SUMMARY OF REQUIREMENT --------------
1st subsection, extract all text between "WinSolve log file created " & "Exit" ; save to c:\data\ws3\sim\LOGS\gRSH1p_u.LOG
2nd subsection, extract all text between "WinSolve log file created " & "Exit" ; save to c:\data\ws3\sim\LOGS\gOILp_u.LOG
3rd subsection, extract all text between "WinSolve log file created " & "Exit" ; save to c:\data\ws3\sim\LOGS\gTRX1p_u.LOG
etc
etc


FishMonger
Veteran / Moderator

Jan 12, 2012, 8:07 AM

Post #2 of 5 (6122 views)
Re: [MT_MANC] PERL TO SPLIT BIGFILE;SAVE TEXT EXTRACTS TO SEPERATE FILES [In reply to] Can't Post

What have you tried?

What portion of the task is giving you trouble?

Should the lines that mark the beginning and end of each section be included in the new files, or just the lines between them?


MT_MANC
Novice

Jan 12, 2012, 8:21 AM

Post #3 of 5 (6120 views)
Re: [FishMonger] PERL TO SPLIT BIGFILE;SAVE TEXT EXTRACTS TO SEPERATE FILES [In reply to] Can't Post

Hi
Yes the subsection delimiters SHOULD be included in the extracted text.
I tried recycling another function to strip out text by my Perl knowledge is v limited:


Code
  $tmp= &get_multi_line_field($jobxtrabody," WinSolve log file created ","Exit"); 
&write_file (1,$zipchart,"@$tmp");


sub get_multi_line_field($$){
my ($jobxtrabody,$start,$end,$opt) = @_;
my @field;
open(MEFJOB, "<$jobxtrabody") || error("[get_single_line_field()] Cannot open MEF job extra body file : $jobxtrabody");
while( <MEFJOB> ) {
if ($_ =~ /^(\s)*$start/) {
$_=~ s/$start//;
push(@field,trim($_)."\n");
while( <MEFJOB> ) {
if($opt!=1){next if /^(\s)*$/}
last if /^(\s)*$end/;
push(@field,trim($_)."\n");
}
close(MEFJOB);
return \@field;
}
}
error("[get_multi_line_field()] Failed to read field $start");
close(MEFJOB);

}


But couldnt seem to get it to work.
Didnt get to next stage of writing fn to extract FileExtractSave name & then save each extracted text subsection as this filename.LOG (ASCII text file)


FishMonger
Veteran / Moderator

Jan 12, 2012, 8:55 AM

Post #4 of 5 (6117 views)
Re: [MT_MANC] PERL TO SPLIT BIGFILE;SAVE TEXT EXTRACTS TO SEPERATE FILES [In reply to] Can't Post

Don't use prototypes on your subs.
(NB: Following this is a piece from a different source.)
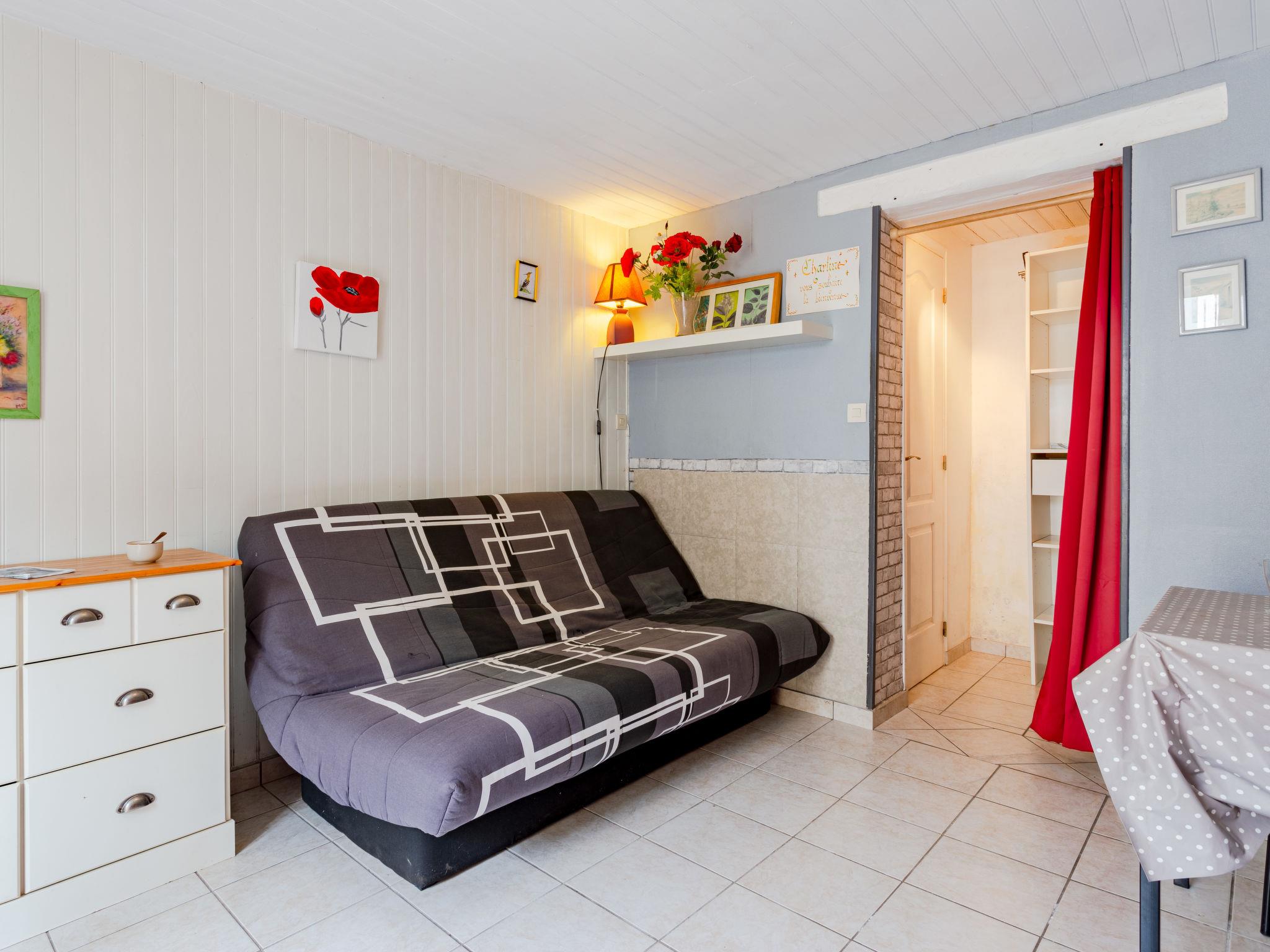 1-room apartment 22 m2, on the mezzanine, west facing position. Living/dining room with 1 double sofabed (140 cm, length 190 cm), TV (flat screen). Kitchenette (2 ceramic glass hob hotplates, toaster, kettle, microwave, electric coffee machine). Shower, sep. WC. Electric heating. Parking space n XX. Please note: smoke alarm. Offer by a private individual according to Art. 155, IV of CGI.

They almost never needed or wanted and can cause problems.

In case you're not sure what I mean by prototype, it's the '($$)' portion of the subroutine definition.

The easiest way to extract the sections is to use the flip-flop (range) operator.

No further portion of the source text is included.